-- Work request --
No pictures go into the copy. Write out exactly the lines below from the one containing "外形及安裝尺寸LMZ-0.5W系列戶外電流互感器" through the one containing "Vores smukke TUVA".

-- Records shown --
+===+

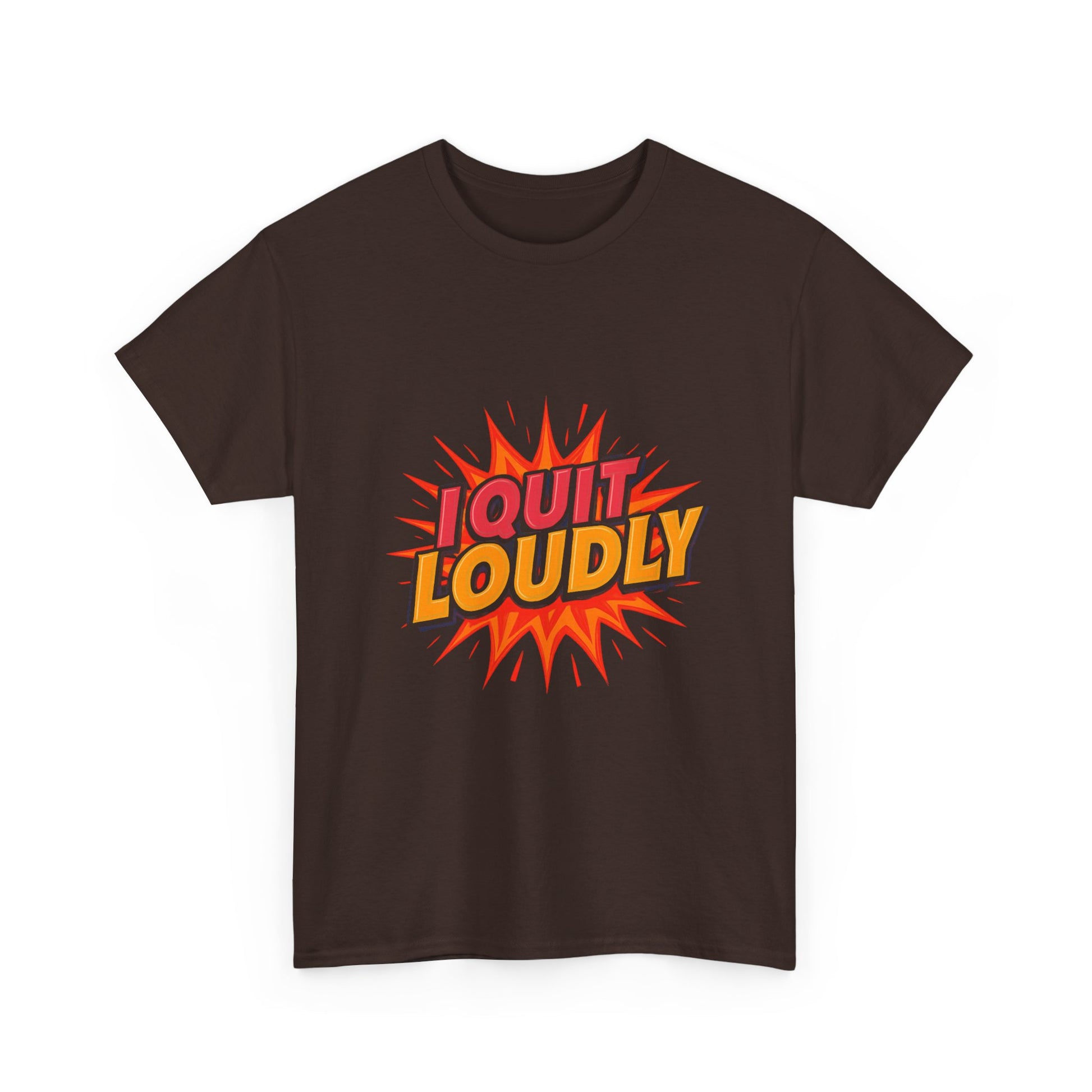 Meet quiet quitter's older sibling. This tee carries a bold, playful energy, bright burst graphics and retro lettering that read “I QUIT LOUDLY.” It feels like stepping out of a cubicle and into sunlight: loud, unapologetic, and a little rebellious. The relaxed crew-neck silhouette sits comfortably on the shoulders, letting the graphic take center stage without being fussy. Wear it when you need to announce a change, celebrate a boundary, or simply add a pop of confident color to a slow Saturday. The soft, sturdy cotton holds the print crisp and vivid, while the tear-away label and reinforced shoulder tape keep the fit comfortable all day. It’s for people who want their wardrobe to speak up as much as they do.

+===+

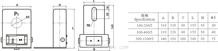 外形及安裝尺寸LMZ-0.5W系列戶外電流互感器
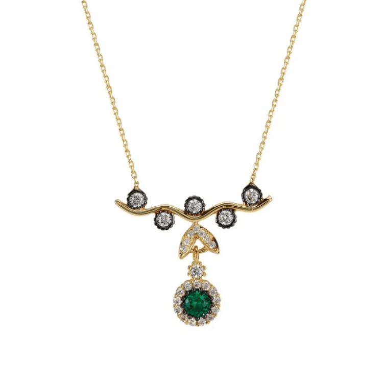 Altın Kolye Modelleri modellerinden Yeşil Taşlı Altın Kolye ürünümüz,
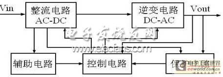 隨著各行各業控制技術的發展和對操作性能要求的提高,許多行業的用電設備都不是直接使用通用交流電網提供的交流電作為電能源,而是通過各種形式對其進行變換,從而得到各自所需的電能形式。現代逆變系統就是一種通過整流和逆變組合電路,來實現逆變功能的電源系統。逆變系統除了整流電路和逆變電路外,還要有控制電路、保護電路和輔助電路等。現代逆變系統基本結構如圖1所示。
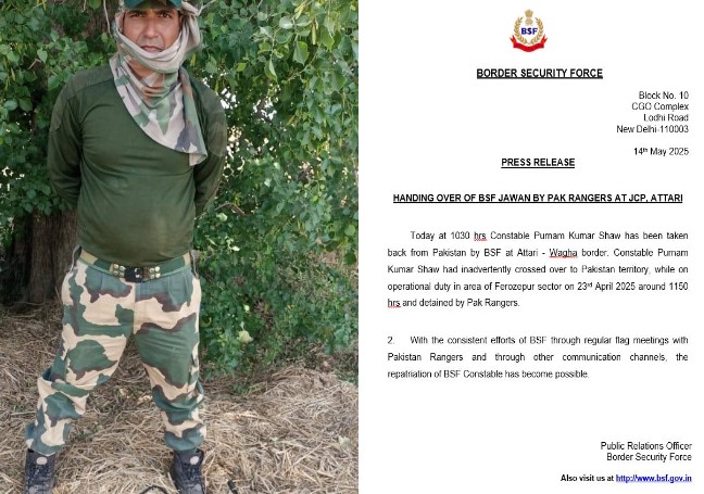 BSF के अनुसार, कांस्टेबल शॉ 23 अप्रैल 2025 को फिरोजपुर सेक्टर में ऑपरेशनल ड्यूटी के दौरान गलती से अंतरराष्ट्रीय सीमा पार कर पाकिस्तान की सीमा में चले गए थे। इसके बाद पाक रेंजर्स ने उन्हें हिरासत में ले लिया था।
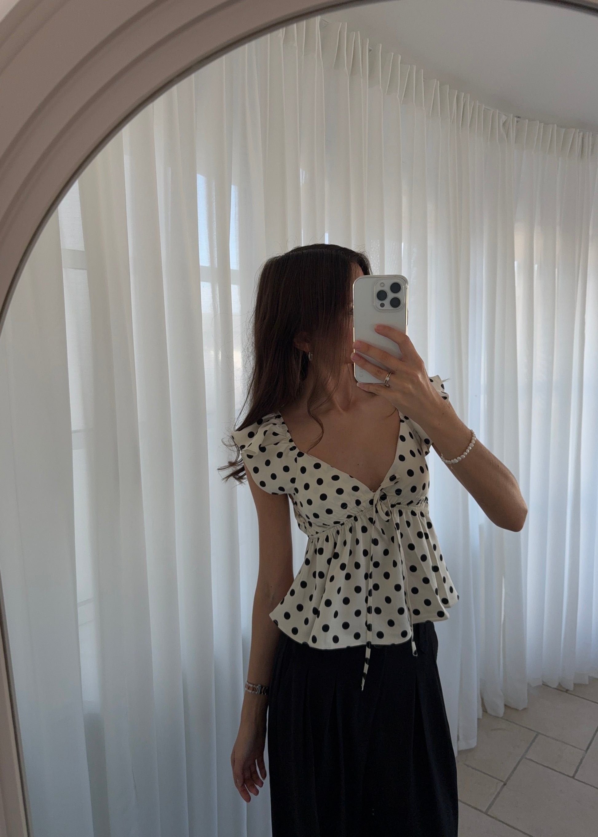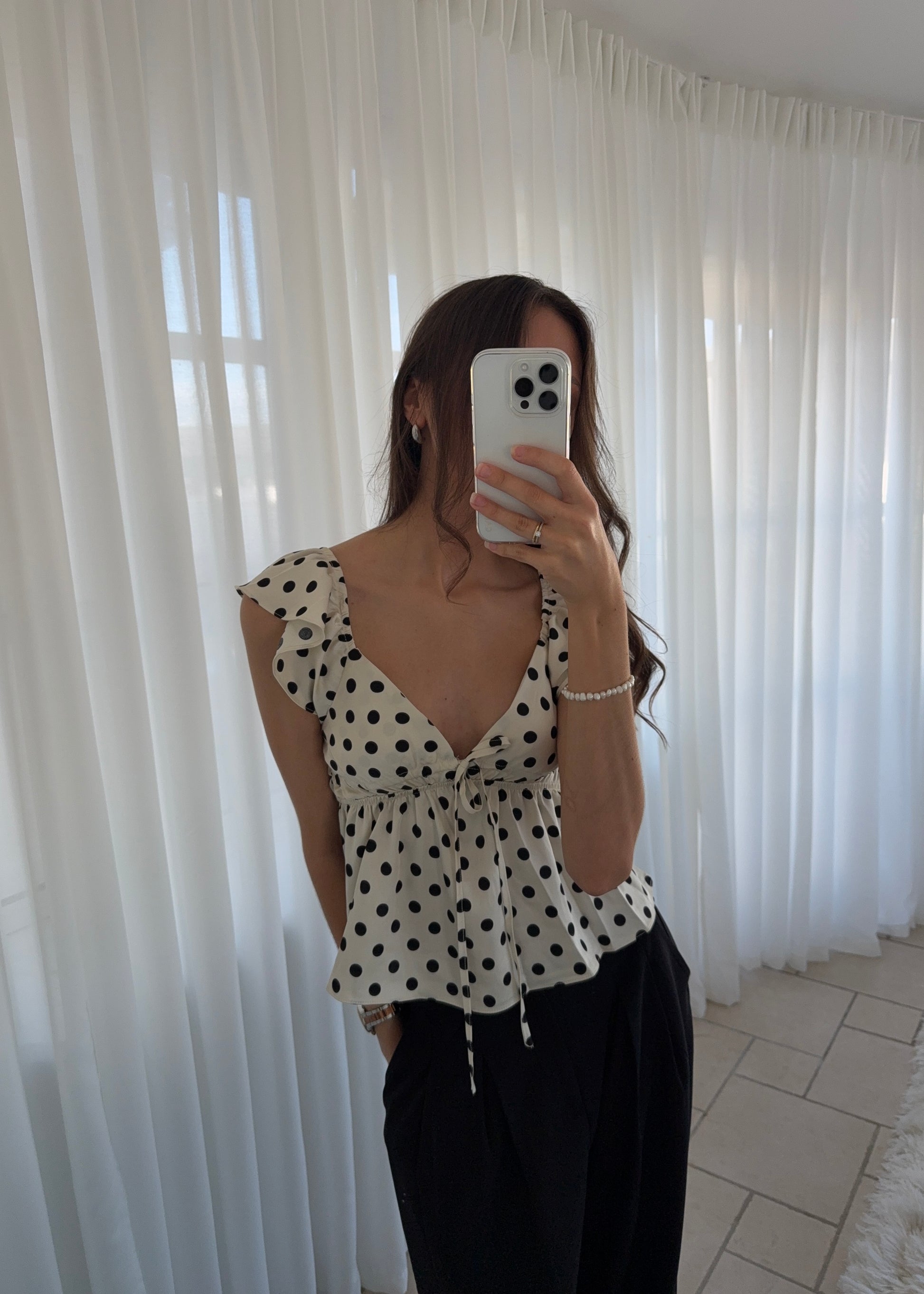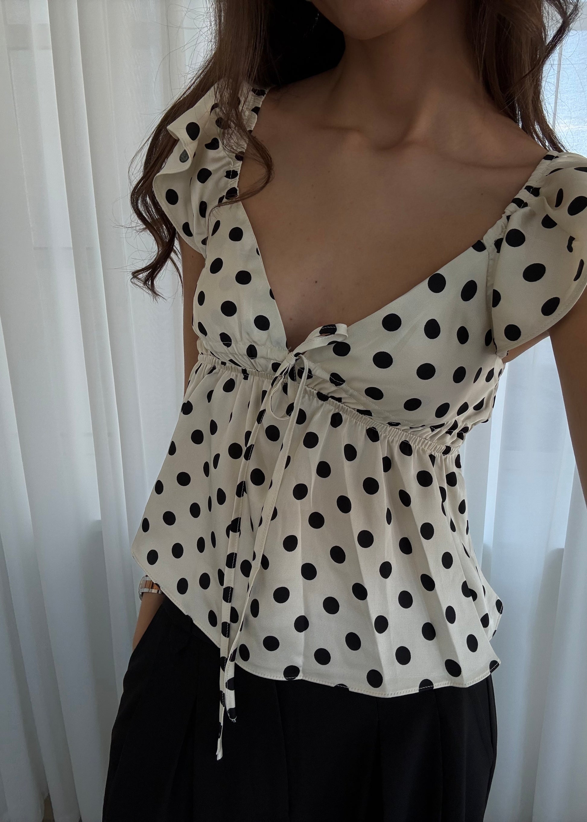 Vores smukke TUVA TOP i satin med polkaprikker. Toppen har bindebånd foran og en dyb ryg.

+===+

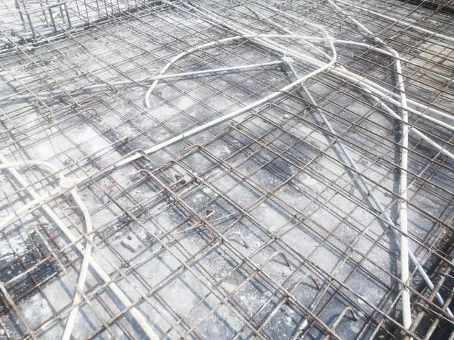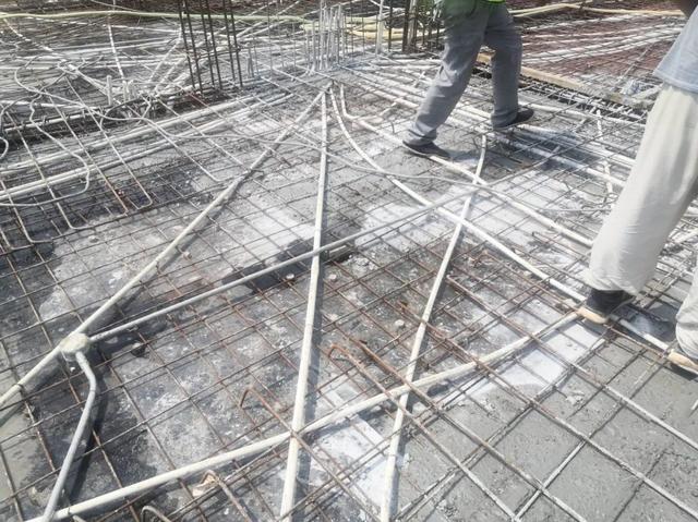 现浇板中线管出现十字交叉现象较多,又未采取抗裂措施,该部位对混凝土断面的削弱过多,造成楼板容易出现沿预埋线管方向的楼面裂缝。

+===+

-- Written response --
 外形及安裝尺寸LMZ-0.5W系列戶外電流互感器
 Altın Kolye Modelleri modellerinden Yeşil Taşlı Altın Kolye ürünümüz,
 隨著各行各業控制技術的發展和對操作性能要求的提高,許多行業的用電設備都不是直接使用通用交流電網提供的交流電作為電能源,而是通過各種形式對其進行變換,從而得到各自所需的電能形式。現代逆變系統就是一種通過整流和逆變組合電路,來實現逆變功能的電源系統。逆變系統除了整流電路和逆變電路外,還要有控制電路、保護電路和輔助電路等。現代逆變系統基本結構如圖1所示。
 BSF के अनुसार, कांस्टेबल शॉ 23 अप्रैल 2025 को फिरोजपुर सेक्टर में ऑपरेशनल ड्यूटी के दौरान गलती से अंतरराष्ट्रीय सीमा पार कर पाकिस्तान की सीमा में चले गए थे। इसके बाद पाक रेंजर्स ने उन्हें हिरासत में ले लिया था।
 Vores smukke TUVA TOP i satin med polkaprikker. Toppen har bindebånd foran og en dyb ryg.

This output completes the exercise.